I ventured out after work yesterday with visions of a shiny new belt across my waist.
Wandering around Broadway
soho
where ever
My illness growing with every step, my throat gradually eating itself as if I were holding some sort of streptococcus family reunion.
And at some point, out of the corner of my eye, I spotted him. There was no double-take. No moment of computation. I knew with one glance that it was him.
Sickly white skin stretched loosely over his bird-like face. Deeply pitted eyes, vacant and deliberate.
He was moving though the crowd, hunched and furry, loosely clutching a cup of coffee.

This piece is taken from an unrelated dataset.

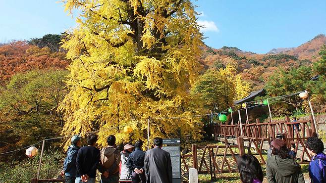 용문산 자락 아래, 용문사 경내에는 천 년을 훌쩍 넘긴 거대한 은행나무 한 그루가 황금빛으로 물들어 여행자들을 맞이합니다.

How very "New York".
Some small sense of panic set upon me and I quickened my pace, trying to escape without the burden of eye contact. A million thoughts filled my head and I wanted nothing more then to avoid the liars game of "Oh, How are you?".
Nearly four blocks later, my brain was still a speedway of contemplation. My face still red from the fresh slap of all the frustration and anger I've repressed over the past year and a half. Even the subway ride home assembled into a montage of flashbacks and could-have-beens.
All these emotions flooded back in a tsunami of crude oil sludge, drowning the "sensible me" somewhere between the sharks and the shore. Somehow I always play it nice, I'm always the good guy. I remind myself that I don't hate him. I don't even hate what he represents. She was the shark, he is just water. Sometimes it's just difficult to face your replacement.